Considerata la vocazione turistica tuderte e le potenzialità mai completamente espresse dal punto di vista produttivo, i modelli più interessanti per la città di Jacopone potrebbero essere due: da un lato le esperienze di città che hanno unito turismo di qualità e piccole imprese esportatrici (che in questa sede definiamo “dual core o a doppio motore”), dall’altro quelle che hanno costruito reti di cooperazione con città vicine per condividere servizi, cultura e accesso a fondi europei. Su quest’ultimo punto non si può non rilevare che Todi, nonostante la sua posizione baricentrica – potenzialmente strategica – non è mai riuscita a realizzare una integrazione con i maggiori centri umbri, Perugia a nord, Terni a sud e Foligno a est (in quest’ultimo caso per la perdurante inesistenza di un collegamento viario orizzontale); infatti, pur trovandosi al centro della Media Valle del Tevere, era troppo distante per rimanere attratta nell’orbita di queste città. Tuttavia, considerata l’identità e la storia tuderte, sarebbe auspicabile un maggior legame funzionale soprattutto con Perugia su temi quali mobilità, ricerca, sanità e cultura senza rinunciare a una propria specializzazione/identità.

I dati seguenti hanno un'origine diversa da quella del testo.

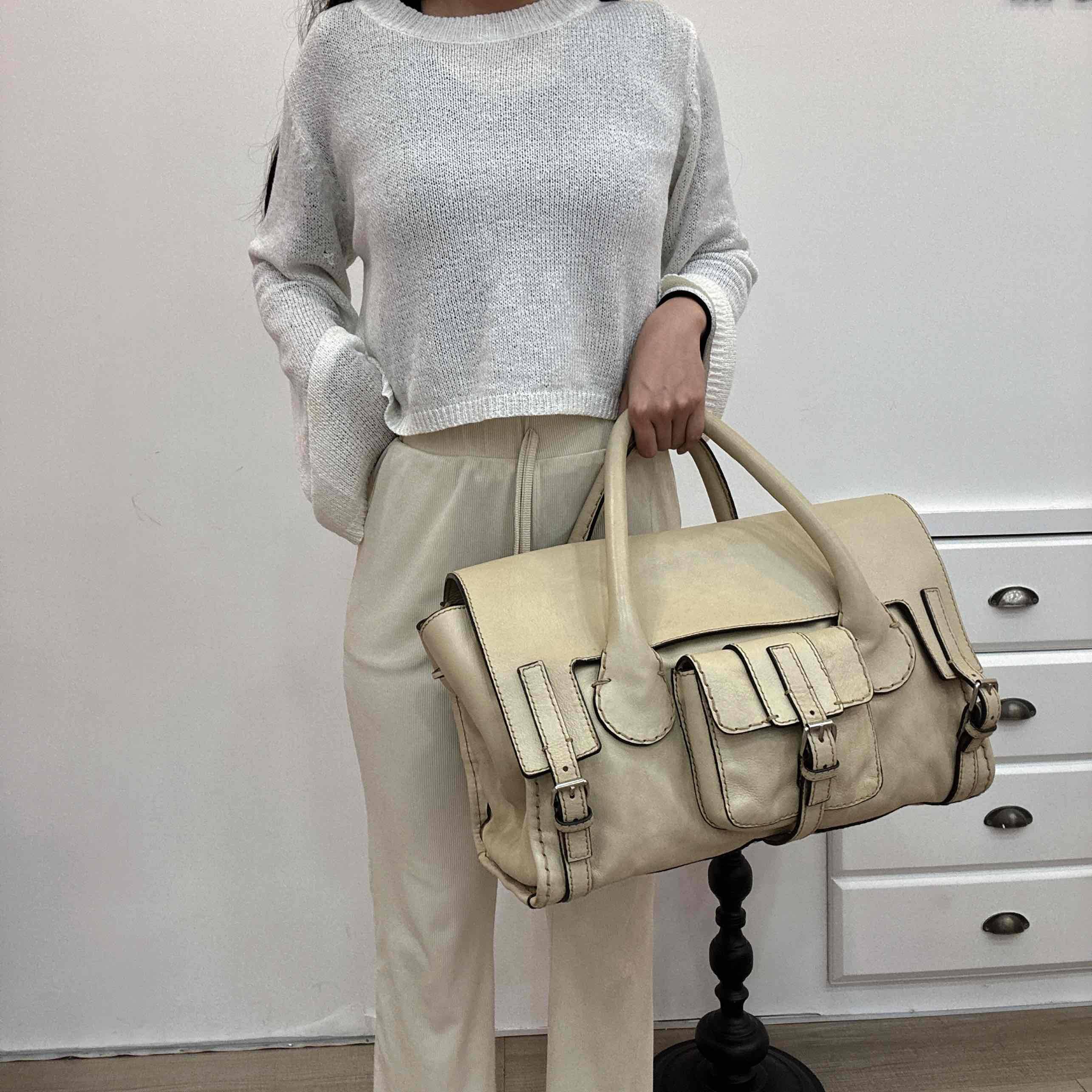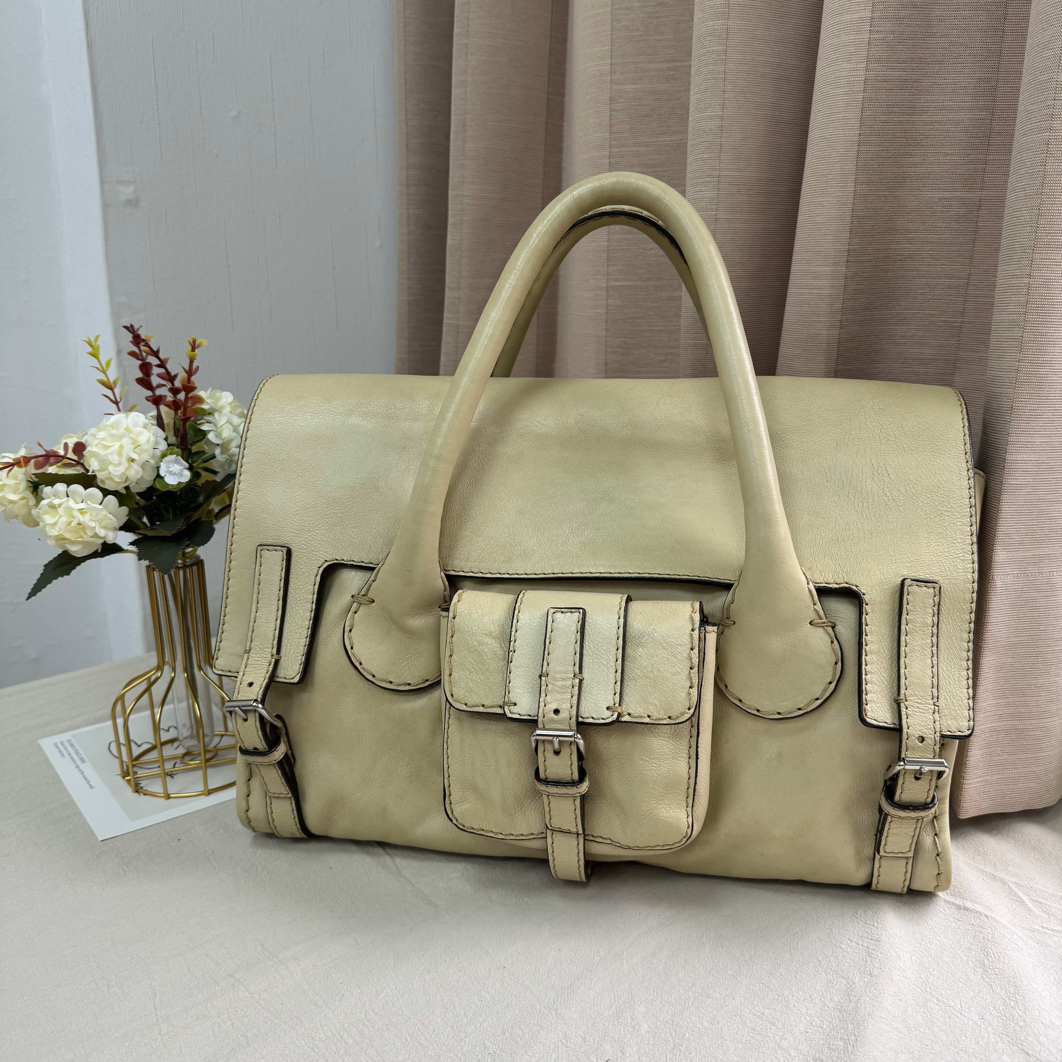 Chloé Edith系列手袋,米白色水牛皮材質,搭配亞麻襯里和精緻壓花皮革標籤,展現品牌工藝✨。正面功能性搭扣口袋,實用又有復古感。圓潤提手底座+可拆卸背帶,手提、肩背、斜挎都OK,通勤休閒都能輕鬆駕馭👜。淡褐色縫線細節,馬術運動風格,法式優雅與現代感兼具,是Chloé經典熱門款!
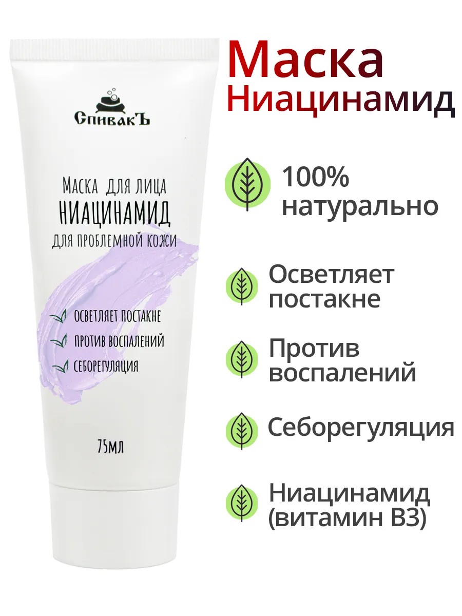 Маска для лица Ниацинамид- секрет здоровой и сияющей кожи! Ниацинамид - витамин B3 - имеет клинически доказанную эффективность: препятствует появлению высыпаний, осветляет постакне и пигментные пятна, уменьшает воспаления, нормализует работу сальных желез, сужает поры и обладает антиоксидантными свойствами. Регулярное применение маски способствует уменьшению мелких морщин, повышает тургор кожи, восстанавливает гидролипидный барьер. Ниацинамид стимулирует синтез керамидов, они действуют как "кирпичики" в липидном слое кожи, обеспечивая его целостность и способность удерживать влагу. Увеличение количества керамидов повышает увлажненность кожи и улучшает её текстуру. Ниацинамид способствует выработке филаггрина, белка, который "склеивает" клетки рогового слоя, тем самым создавая надежный защитный барьер кожи. Маска содержит эфирные масла лайма и каяпута, они обладают выраженными противовоспалительными и свойствами, повышают упругость и эластичность кожи. Применение: Нанесите маску тонким слоем на чистую кожу лица и шеи, оставьте на 10-15 мин, затем смойте теплой водой. Использовать 1-2 раза в неделю. Для достижения максимального эффекта сочетайте эту маску с сывороткой ниацинамид и кремами для лица СпивакЪ. Какие-либо средства с кислотами допустимо использовать в тот же день, но только в другое время суток.
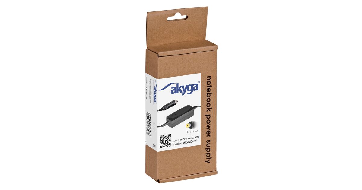Akyga Car notebook power supply Dedicated AK-ND-34 19V/3.42A 65W 5.5x1.7 mm ACER, Kannettava tietokone, Auto, 12 V, 65 W, 19 V, 3,42 A
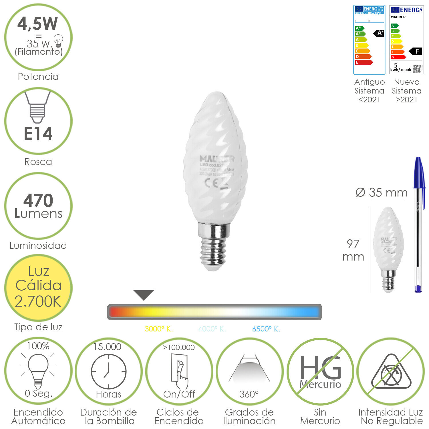 | Bombilla Led Filamento Vela Esmerilada E14. 4,5 Watt. Equivale A 35 Watt. 470 Lúmenes. Luz Cálida 2700 K. |
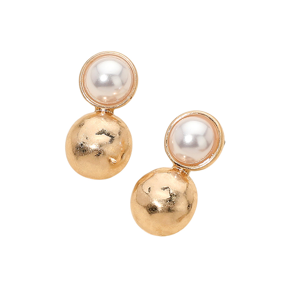 Details • Size : 0.5" X 0.8" • Post Back • These dual-dome stud earrings combine a smooth stone accent with a textured metallic sphere for a refined, modern look. Lightweight and versatile, they add subtle elegance to everyday outfits or dressy ensembles, making them an easy, stylish addition to any jewelry collection. • Lead and Nickel Compliant
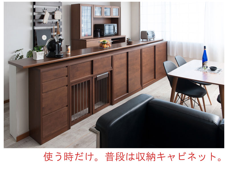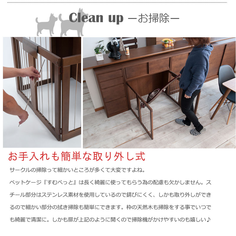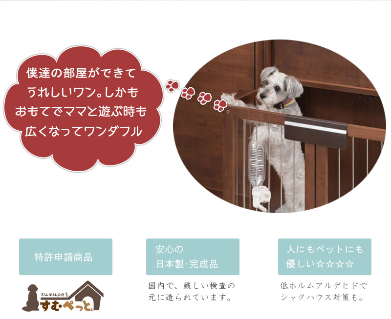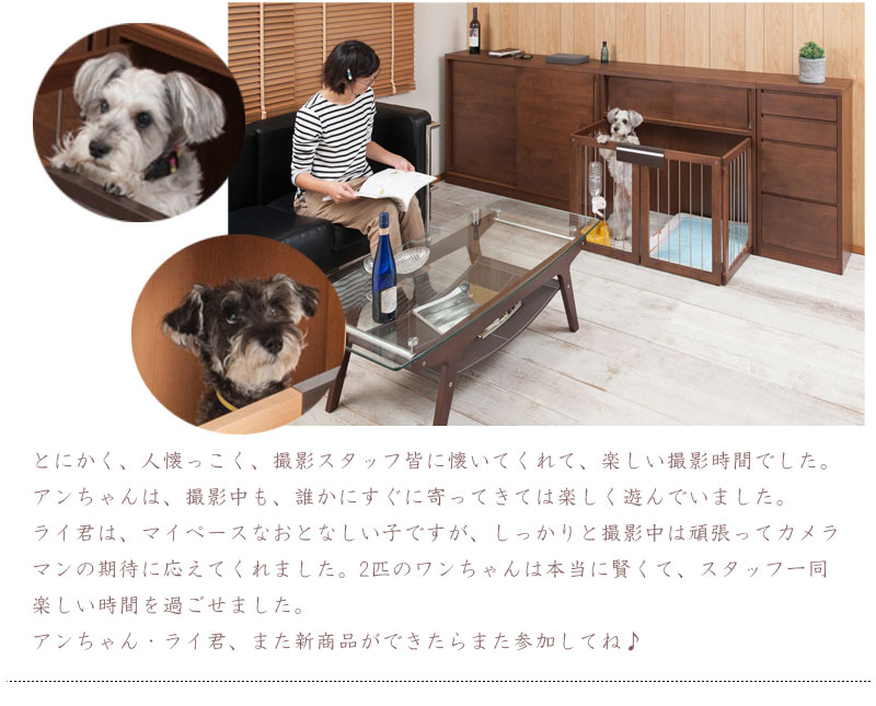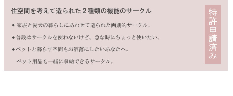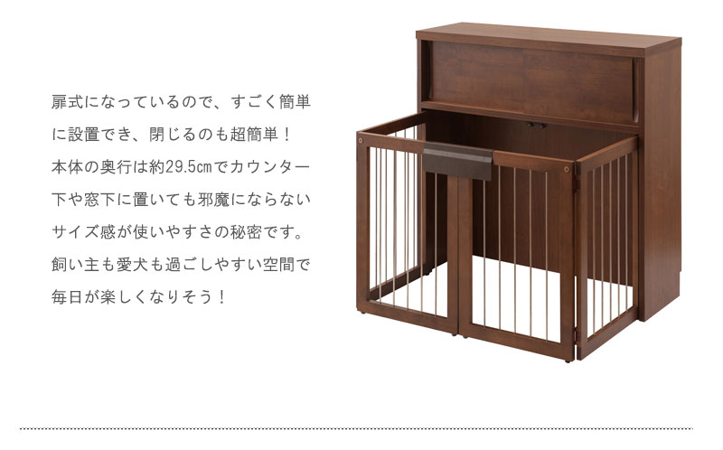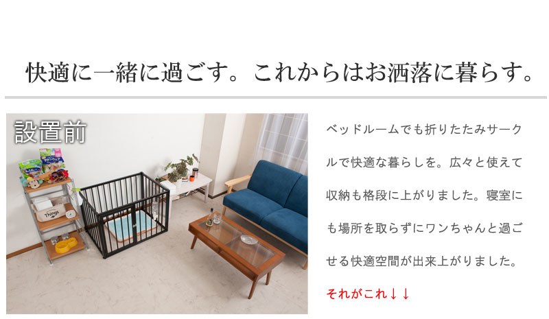 愛犬をサークルに入れるときだけ広げるので、普段は収納キャビネットのように使えるのが魅力。

Sarebbe inoltre necessaria un’alleanza stabile Todi–Marsciano–Deruta–Orvieto per costruire un brand unico, un calendario culturale coordinato, pacchetti turistici tematici (ceramica-vino-arte ma non solo) e una candidatura congiunta a bandi in rete, per sfruttare i vantaggi offerti dalle reti di cooperazione tra centri urbani contigui, abbandonando le logiche arcaiche di difesa del “campanile”.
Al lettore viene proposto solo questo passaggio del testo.